This article will take you to master the debugging method of complex Gremlin query

Abstract: Gremlin is the most common basic query language used in graph database queries. Gremlin's Turing completeness allows it to write very complex queries. For complex problems, how do we write a complex query? And how do we understand the existing complex queries? This article will take you step by step to complete the debugging of complex queries.

This article is shared from Huawei Cloud Community " Complex Gremlin Query Debugging Method ", the original author: Uncle_Tom.
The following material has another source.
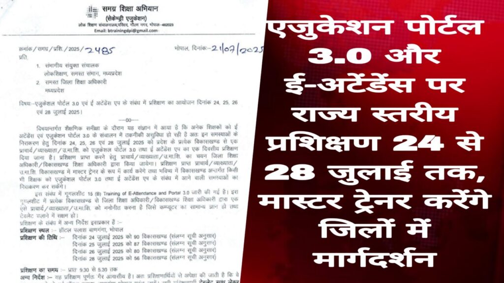 भोपाल न्यूज़। मध्यप्रदेश में शिक्षा व्यवस्था को और अधिक पारदर्शी और सुदृढ़ बनाने के उद्देश्य से लोक शिक्षण संचालनालय, समग्र शिक्षा अभियान द्वारा एजुकेशन पोर्टल 3.0 और ई-अटेंडेंस के संबंध में राज्य स्तरीय विशेष प्रशिक्षण का आयोजन किया जा रहा है। यह प्रशिक्षण 24, 25, 26 और 28 जुलाई 2025 को भोपाल स्थित होटल पलाश रेजीडेंसी में होगा।

1. Introduction to Gremlin

Gremlin is a graph traversal language under the framework of Apache TinkerPop. Gremlin is a functional data flow language that allows users to express complex property graph traversal or query in a concise way. Each Gremlin traversal consists of a series of steps (which can be nested), and each step performs an atomic operation on the data stream.

Gremlin is a language used to describe walking in attribute graphs. The graph traversal is performed in two steps.

1.1. Traversal Source (TraversalSource)

Start node selection. All traversals start by selecting a set of nodes in the database, which serve as the starting point for walking in the graph. Traversal in Gremlin starts from TraversalSource. GraphTraversalSource provides two traversal methods.

• GraphTraversalSource.V (Object… ids): traverse from the vertices of the graph (if no id is provided, all vertices).
• GraphTraversalSource.E (Object… ids): traverse from the edge of the graph (if no id is provided, then all edges).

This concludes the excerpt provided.